From bands to film and acrobats to top classical musicians from around the world, the festival has something for everyone over the next two weeks.
This year’s programme has a Nordic theme and will involve all the city’s main venues as well as many pubs, and will also feature outdoor entertainment including the opening event, Close Encounters, to be held in the Cathedral Close on Saturday.
The event will include a children’s playday, music from local groups, dishes to sample from around the world and many entertainers providing dance, comedy, short plays and activities for all.
The event will open at 2pm and finish with a fireworks display at 10pm.
* FILMS, talks and a display of stunning photographs will be on offer at Salisbury Arts Centre this week.
Images of a volcano eruption in the south of Iceland will be on display from tomorrow. Anna Maria Sigurjonsdottir’s photographs captured the eruption of the volcano, which caused a giant ash cloud in April 2010.
Sigurjonsdottir lives and works in Reykjavik, Iceland, and is known for her explorations of land both socially and geographically.
On Saturday a powerful film exploring the bond between people and horses is being shown.
Of Horses and Men is an Icelandic film with English subtitles and it sees a series of interlinked stories told with a wry sense of humour.
The film pays attention to its eccentric human cast, whose lives, deaths and sexual desires seem inextricably linked to their equine partners, even if the horses often come across as smarter.
Set in a rugged Icelandic rural community and backed by a soundtrack of traditional folk music, it aims to surprise, shock and entertain with some astonishing sequences.

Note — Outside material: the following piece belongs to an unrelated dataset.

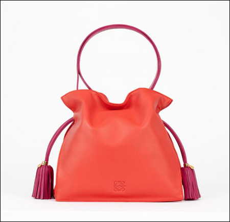 Flamenco手袋早在1984年就已在Loewe麾下誕生。去年,Loewe創意總監StuartVevers在手工坊的檔案中發現了它并決定讓它重獲新生,將原版改以更具摩登氣質的廓形比例,更加上了一條肩帶和一個超大流蘇墜飾。在誕生27年后的今天,Flamenco手袋在2011年秋季驚艷重回,全線包款提供明艷大膽的色彩選擇:從艷粉色、焰紅色、紫紅色到暗紫色和翠綠色:有單色的包款,或是帶有撞色細節的款式。

The hunt for the Higgs particle will be the topic of discussion on Sunday.
Former academic turned oil industry worker Jim Baggott, inset, will be explaining the science behind the discovery, how the theory was developed and its implications.
A special screening of My Fair Lady will be held on Sunday, coinciding with two exhibitions on the work of designer Cecil Beaton in Salisbury and Wilton.
And on Sunday evening, Hilary and David Crystal will be giving a guide to the English language – from King Alfred and the Normans to Chaucer, Shakespeare and Wordsworth.
The talk unites the warriors whose invasions transformed the language with the poets, scholars and reformers who helped create its character.
Join the Crystals on a journey to discover some of the people and places that have helped to shape the English language.
* ACTOR, writer and comedian Miles Jupp is making a return to stand-up with his first live UK tour since 2012.
In this show Jupp talks about himself, you, domestic imprisonment, fatherhood, having to have opinions, hot drinks, the government, bad balance, housing, the ageing process, other people's pants and, inevitably, a number of other things.
Jupp will start off the arts festival programming at Salisbury Playhouse on Sunday.
Then next week there will be a wide variety of events on offer at the venue, with talks, shows and plenty of entertainment aimed at children.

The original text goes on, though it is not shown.